My first few days of art school, I felt overwhelmed by everyone’s ability to think on their feet. I felt sluggish in my ability to think past what I knew to be true about the world, and particularly about my own abilities. I assumed too many things to be true, and it inhibited my ability to think and design in a powerful, impactful, and paradigm-shifting way. No one ever said I had to color inside the lines — and the fact that I assumed things like this to be true prematurely guillotined my ability to think (and live) in a design-forward fashion.
This same ailment (insecurity) is the continual thread that runs through mediocre work. When we see, design, and accept paper poster after paper poster, we create an unfair association and subliminal stereotype. The “paper poster” is of course an allegory — your “inside the lines” may be a horizontal logotype, a parallax website design, or a Facebook-crutched social strategy. We are all show ponies, but our tricks should be infinite. They become infinite only when we allow ourselves to be equal parts strategic and imaginative.
Before we act, we must think. Uninhibited by anyone’s expectations, timeline, or frustrations (especially our own), we must think like the brands we represent, within the campaigns we propose, and for the projects to which we are assigned. The most valuable asset of a designer (and/or any marketing professional) is not his or her technical prowess — it is this ability to think. As designers, we must not only think for a brand, but we must also think ahead of said brand. And in the agency world, we're not just thinking for one brand, but for many at once. While it may seem nearly impossible to keep one's corporate, agency, and personal "design hats" on at once, this is imperative, and I believe it is the hallmark of a successful designer.
Photoshop, Illustrator, and InDesign are great tools. Amplified by technical fundamentals and individual creative process, we designers are charged to translate the thoughts, words, and intentions of a brand's leaders into the brand's visual manifestation in this fast-moving, social-obsessed, and highly critical world. That can be a heavy burden. Getting to the answer isn't easy, but if it was, wouldn't everyone do it?

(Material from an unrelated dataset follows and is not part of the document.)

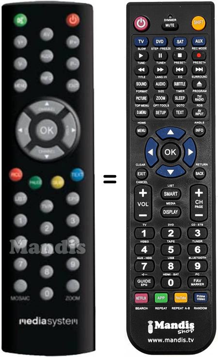 Télécommande qui remplace celle d'origine car elle possède les mêmes fonctions.

Design is a noble charge, and one that requires deep thought, extensive patience, and a willingness to try new things. Critique is not the impeder of great design — it is its accelerant. Dare to be grateful for it, motivated by it, and thoughtful despite it. There will be people who don’t believe you should ever color outside the lines. It is our charge as designers to defy this expectation. Don’t just color outside their lines. Redraw them altogether.